**Exercise goal**
Print, word for word, only the lines from the one with "Белые женские перчатки, на" down to the last line of the listing below; no pictures.

**Dataset section**
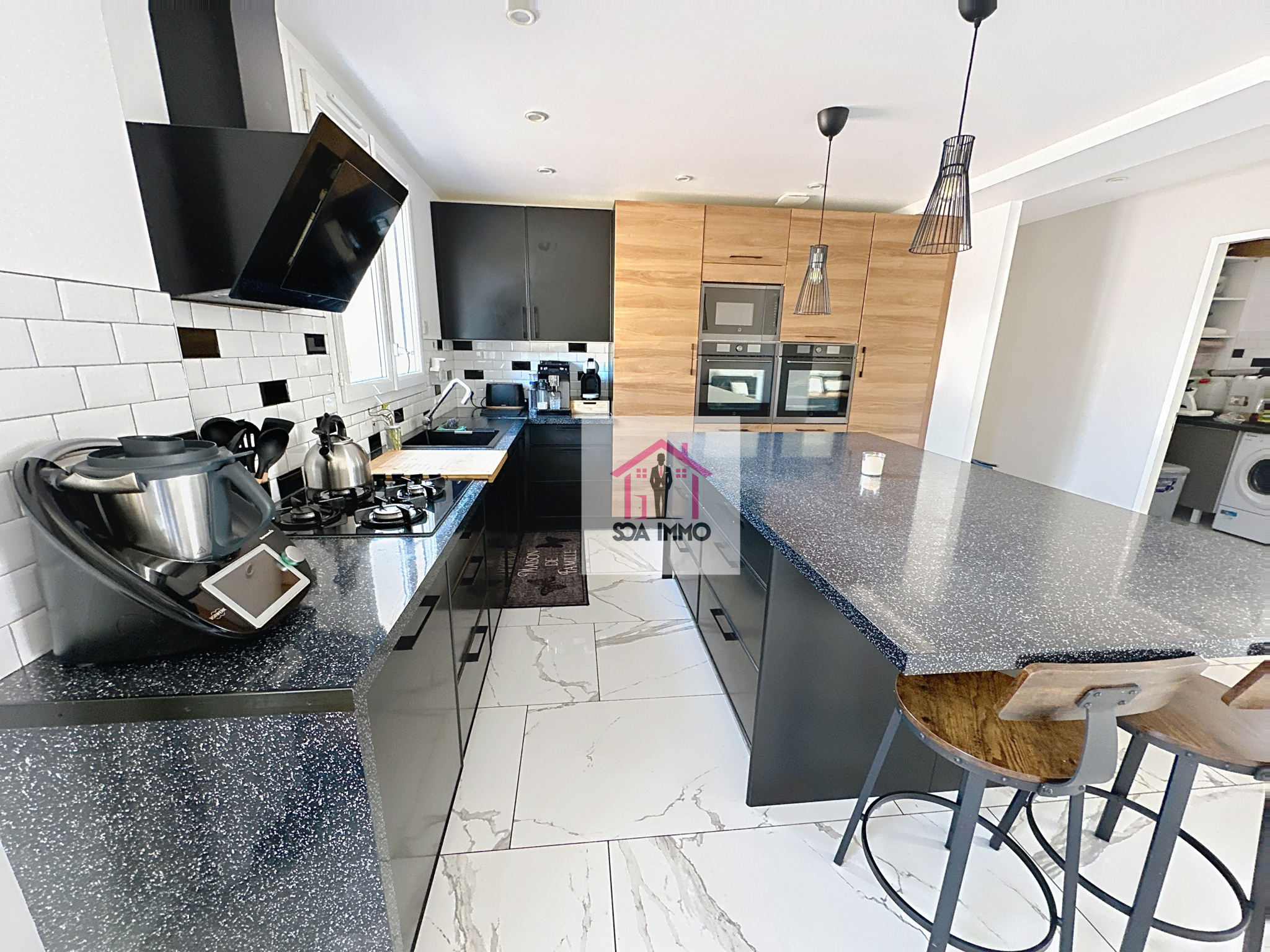 L'espace de vie est un atout majeur : un vaste salon/séjour de 40 m2 vous accueille, avec sa cuisine entièrement équipée et aménagée grâce à son ilot central et sa buanderie attenante.
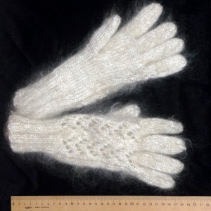 Белые женские перчатки, на верхней стороне ажурная сетка. Изготовлены из 100% козьего пуха. Теплые, красивые. Пушоные.
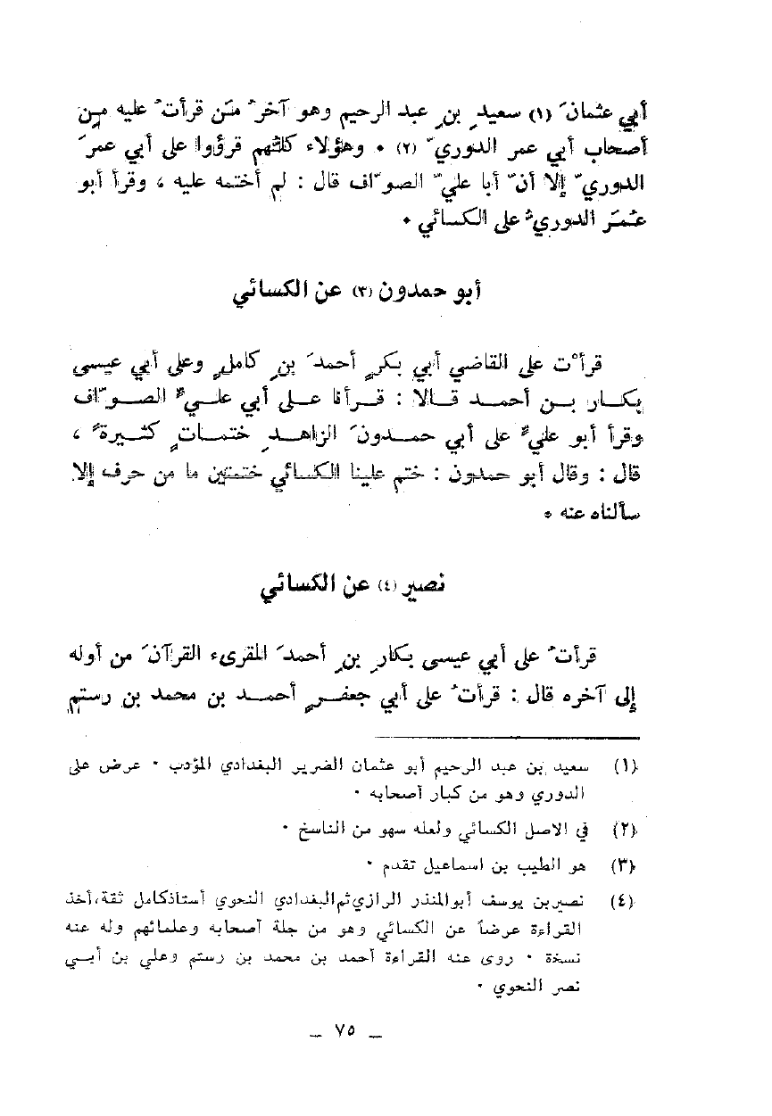 أبي عثمان سعيد بن عبد الرحيم وهو آخر من قرأت عليه من أصحاب أبي عمر الدوري. وهؤلاء كلهم قرؤوا على أبي عمر الدوري إلا أن أبا علي الصواف قال: لم أختمه عليه، وقرأ أبو عمر الدوري على الكسائي.

**Answer space**
 Белые женские перчатки, на верхней стороне ажурная сетка. Изготовлены из 100% козьего пуха. Теплые, красивые. Пушоные.
 أبي عثمان سعيد بن عبد الرحيم وهو آخر من قرأت عليه من أصحاب أبي عمر الدوري. وهؤلاء كلهم قرؤوا على أبي عمر الدوري إلا أن أبا علي الصواف قال: لم أختمه عليه، وقرأ أبو عمر الدوري على الكسائي.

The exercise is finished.